West Milford. Mayor Michele Dale recently unveiled a plan to work with the Highlands Council in order to bring more business into the township.
Dale unveiled the plan during a recent Township Council meeting.
According to the plan, which seeks to increase the number of businesses in the community within the restrictions of the Highlands Council, an estimated $92 million in new ratables would need to come into the township in order to decrease the average property tax of around $9,900 by $1,000.
Dale pointed out that the largest number of taxpayers fall below the town’s average assessment of $242,000.
The Highlands Council was developed to protect the watershed in the region which feeds Newark and bigger cities.
The regulations, however, severely restrict development in the protected area, which includes all of West Milford.

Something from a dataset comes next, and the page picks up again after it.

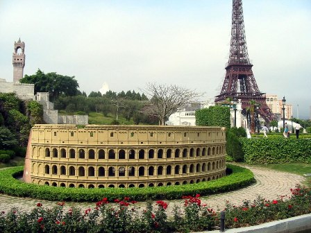Desde la Torre Eiffel hasta la Plaza de San Pedro, este sitio alberga 130 réplicas miniatura de los edificios, los monumentos y los atractivos turísticos más populares.
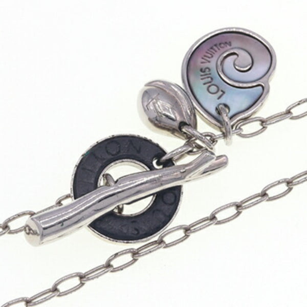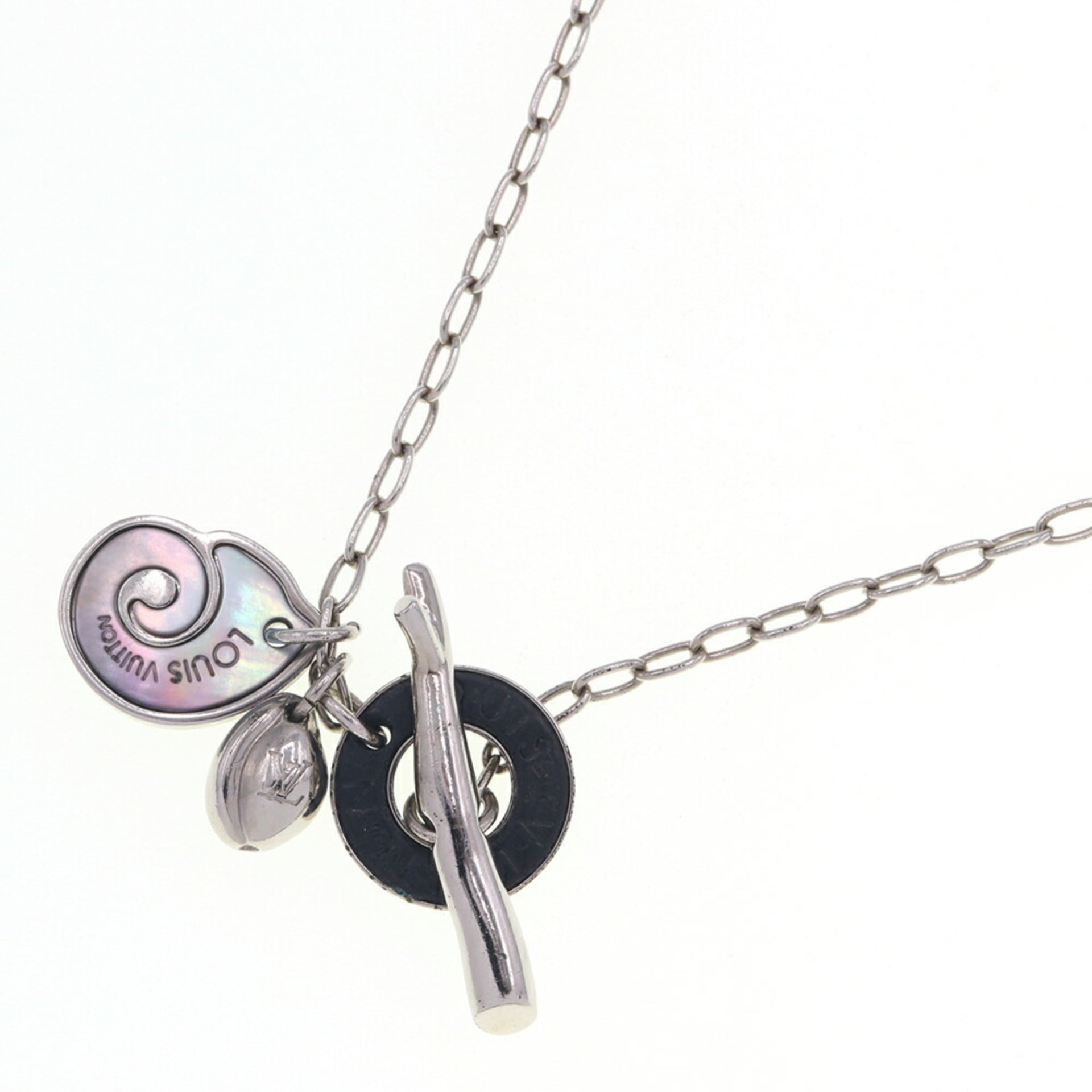 Louis Vuitton Necklace Sand Charms M62500 Silver Black Metal Shell Choker Men\'s LOUIS VUITTON

Dale said the plan she wants to implement would take a different tack than simply being adversarial with the council, and would instead seek a way to work within the restrictions that will still see the community grow over the long term.
Her plan would use Highlands Council funding to study several economic aspects of the community including what types of businesses would be allowed and what types of businesses the residents want.
In addition to this information, the study would also compile a business inventory.
Dale said this information would be helpful to realtors and commercial property owners as they shop their holdings to potential businesses.
She said the study could cost around $50,000, but that would be paid in cooperation with the Highlands Council and would not cost local taxpayers anything.
Council members including Peter McGuiness and Lou Signorino said they supported the study as long as it is free for the township to conduct.
Both also said that parts of Dale’s plan had been tried in the past, but on a more “piecemeal” basis.
Dale said she wants the study to be completed and presented to the governing body and public by the end of the year.